Originally published September 6, 2007 at 12:00 AM | Page modified September 6, 2007 at 2:05 AM
Theater
The raw issues in "Mojo" still cry out for discussion
Aishah Rahman has mixed feelings about the ongoing timeliness of her 20-year-old play "The Mojo and the Sayso," which has its Seattle premiere...
Seattle Times theater critic
Coming up
"The Mojo and the Sayso" opens tonight and runs Tuesday-Sunday through Sept. 30 at ACT Theatre, 700 Union St., Seattle; $10-$54 (206-292-7676 or www.acttheatre.org).
The panel discussion "Telling Our Stories — What You Don't Speak You Swallow Down: Grief and Loss in the African American Community," takes place at 6:15 p.m. Saturday. ACT Theatre. Free.
Aishah Rahman has mixed feelings about the ongoing timeliness of her 20-year-old play "The Mojo and the Sayso," which has its Seattle premiere tonight at ACT Theatre under Valerie Curtis Newton's direction.
"I'm so glad it's still being done, but so sad it's still so relevant," said Rahman, by phone from her Providence, R.I., home.
An inner-city family's grief is the subject of "Mojo and the Sayso," inspired by a true 1973 incident. "A 10-year old boy, Clifford Glover, was walking with his father one morning in Queens, N.Y., and two [plain-clothes] policemen stopped them," explained Rahman.

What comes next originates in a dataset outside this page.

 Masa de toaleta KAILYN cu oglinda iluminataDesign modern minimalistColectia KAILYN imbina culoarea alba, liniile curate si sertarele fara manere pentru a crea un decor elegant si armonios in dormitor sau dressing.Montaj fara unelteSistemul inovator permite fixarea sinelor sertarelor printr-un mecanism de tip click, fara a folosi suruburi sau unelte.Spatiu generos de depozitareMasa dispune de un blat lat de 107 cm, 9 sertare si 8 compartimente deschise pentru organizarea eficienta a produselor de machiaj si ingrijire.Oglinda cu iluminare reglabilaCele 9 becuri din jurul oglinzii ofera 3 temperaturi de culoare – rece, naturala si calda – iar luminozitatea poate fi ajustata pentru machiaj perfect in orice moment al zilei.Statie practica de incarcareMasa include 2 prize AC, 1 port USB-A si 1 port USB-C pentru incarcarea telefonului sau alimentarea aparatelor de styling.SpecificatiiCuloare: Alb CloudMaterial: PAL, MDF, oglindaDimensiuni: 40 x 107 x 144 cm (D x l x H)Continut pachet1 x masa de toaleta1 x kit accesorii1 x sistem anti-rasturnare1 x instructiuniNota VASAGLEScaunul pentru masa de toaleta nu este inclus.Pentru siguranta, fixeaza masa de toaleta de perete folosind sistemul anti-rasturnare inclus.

"Not realizing who the men were, the boy and his father ran." The son was shot in the back by the police and killed, and "the father had to live with that," Rahman said.
Pregnant at the time with her daughter Yoruba, Rahman was deeply affected by the case.

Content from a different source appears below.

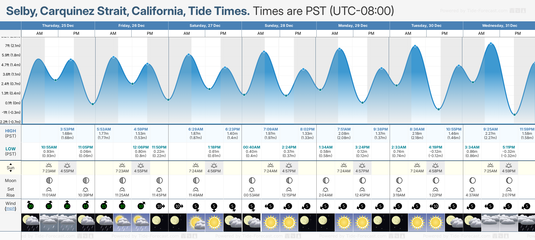 Tide Times for Selby, Carquinez Strait (tomorrow): Thursday 25 December 2025

Years later she heard that an unscrupulous minister had swindled Glover's family out of its cash settlement from a wrongful-death suit. That's when she began writing "Mojo and the Sayso."

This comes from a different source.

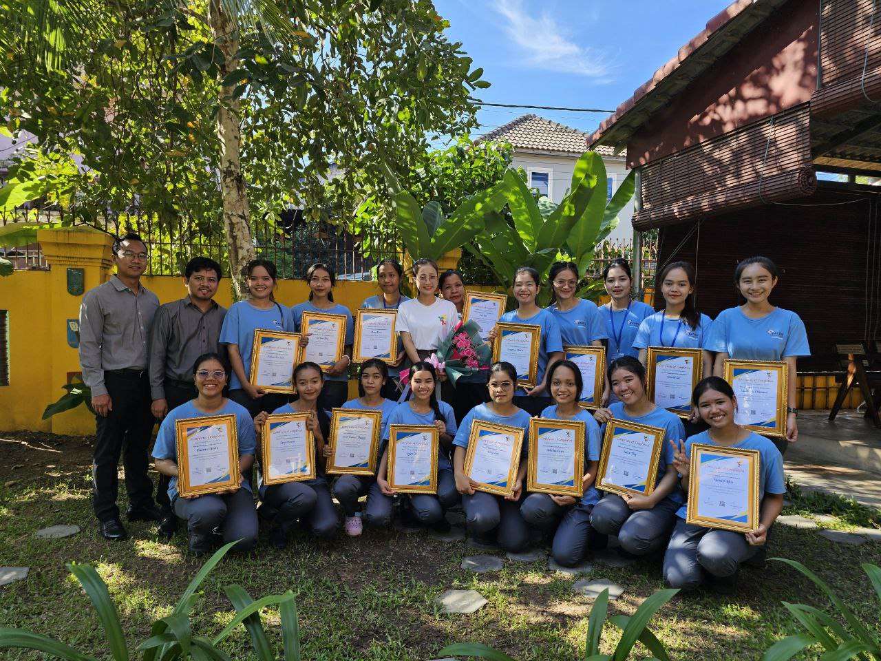 On December 14, 2023, the Director of the English for Partner Organizations (EPO) Program and his distinguished team were cordially invited to grace the graduation ceremony at the École du Bayon Bayon Pastry School Coffee Shop for 20 students who had successfully completed the 6-month English course offered by TDSO – Teacher Development Support Organization. TDSO is proud to have been

The New York Times lauded the play, in its 1987 premiere at New Jersey's Crossroads Theatre, as "an original, engrossing, at times quite beautiful and moving work."
It has since had quite a few productions. And for the Seattle run, the Hansberry Project (ACT's African-American drama program) is hosting a free public event Saturday evening about issues the play addresses.
"We rarely hear about how a family who's lost a loved one so unexpectedly goes on with their lives, and even finds joy again," observed Hansberry Project managing director Vivian Phillips, moderator of the discussion. "We don't talk much as a community about this kind of grief and loss."
Well-publicized charges of wrongful arrest and police brutality have been lodged by black citizens in many cities in recent years, including Seattle.
But while Phillips is inviting law-enforcement officials to Saturday's event, "what we really want to look at is how we can help people get through the anger, grief and despair the family in Aishah's play experiences."
Set to appear on the panel are retired mental-health administrator Dr. R.Y. Woodhouse, Shirley Caldwell (a clinical consultant and trainer with Therapeutic Health Services) and author and ordained minister Gwendolyn Phillips Coates.
Coates' recent book "Waiting on My Lunch Date: A Journey Though Grief and a Path to Joy," is based on her own mourning process after the sudden death of her husband.
Rahman, who teaches at Brown University, is gratified that "Mojo and the Sayso" catalyzes such exchanges. She was also pleased when a black policeman saw the show and told her how glad he was "that it's not an anti-police play."
"This was a purposeful decision on my part. What I wanted to portray was the interior of these people. How do you go on living after this kind of loss? What happens after the headlines go away?"
Rahman feels the issues she's addressed in her plays and 2001 memoir ("Chewing Water") are not race-bound.
"My analysis is that urban violence is a reflection of America at large. We're all affected by the larger culture, and over the years we've become alienated from one another. It hurts me to say it, but we've lost our sense of common values."